Segment Start: Information supplied
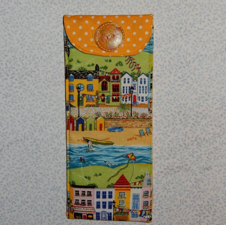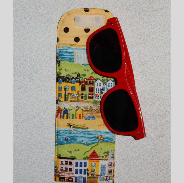 This is a handy case for your glasses or sunglasses, which is made from a beautiful beach scene cotton fabric, with a toning yellow spot fabric, and lining. It also has a layer of wadding for protection. The case fastens with Velcro and has a decorative button. It would make a great sunglasses case for holidays or just to brighten up any day..
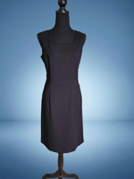 The power of simplicity meets dark sophistication in this vintage Paradox black sheath dress. With its sculpted tailoring, modest scoop neckline, and knee-skimming hem, this piece captures the essence of the late-90s to early-2000s minimalist aesthetic — quiet confidence wrapped in noir elegance.
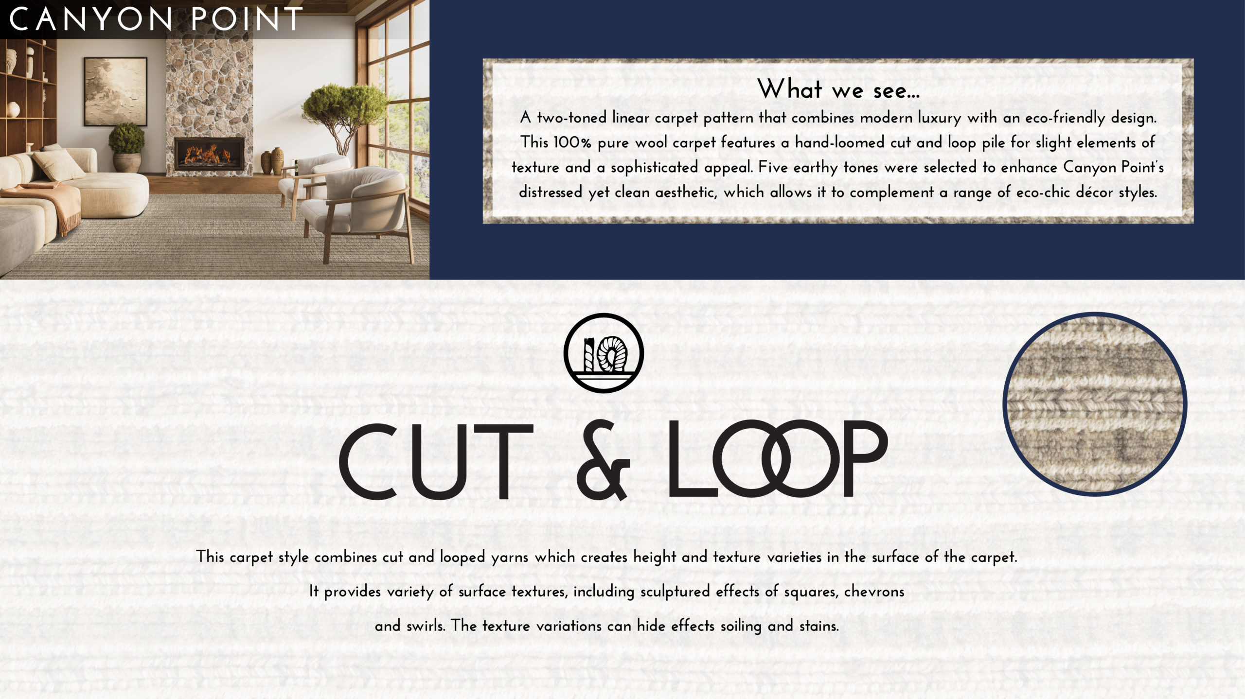 Elevate your space with Canyon Point, a masterfully crafted carpet that combines sleek sophistication with eco-friendly charm. Its two-toned linear pattern and plush cut and loop pile creates a streamlined backdrop for refined décor, exuding modern luxury. The luxurious hand-loomed surface boasts careful texturing, lending a sophisticated sheen to any room. Made from 100% pure wool, Canyon Point embodies environmentally conscious design without compromising on durability. Choose from five earthy tones - Multi Beige, Multi Cream, Multi Grey, Multi Taupe, and Multi Silver - each with a distressed yet polished aesthetic that complements a range of styles. Available in a convenient 15' width and customizable to your desired size, Canyon Point brings high-end style and sustainability to your floor.
Segment End: Information supplied
Action item —
Repeat the listing word for word. Leave images out.

Exercise output —
 This is a handy case for your glasses or sunglasses, which is made from a beautiful beach scene cotton fabric, with a toning yellow spot fabric, and lining. It also has a layer of wadding for protection. The case fastens with Velcro and has a decorative button. It would make a great sunglasses case for holidays or just to brighten up any day..
 The power of simplicity meets dark sophistication in this vintage Paradox black sheath dress. With its sculpted tailoring, modest scoop neckline, and knee-skimming hem, this piece captures the essence of the late-90s to early-2000s minimalist aesthetic — quiet confidence wrapped in noir elegance.
 Elevate your space with Canyon Point, a masterfully crafted carpet that combines sleek sophistication with eco-friendly charm. Its two-toned linear pattern and plush cut and loop pile creates a streamlined backdrop for refined décor, exuding modern luxury. The luxurious hand-loomed surface boasts careful texturing, lending a sophisticated sheen to any room. Made from 100% pure wool, Canyon Point embodies environmentally conscious design without compromising on durability. Choose from five earthy tones - Multi Beige, Multi Cream, Multi Grey, Multi Taupe, and Multi Silver - each with a distressed yet polished aesthetic that complements a range of styles. Available in a convenient 15' width and customizable to your desired size, Canyon Point brings high-end style and sustainability to your floor.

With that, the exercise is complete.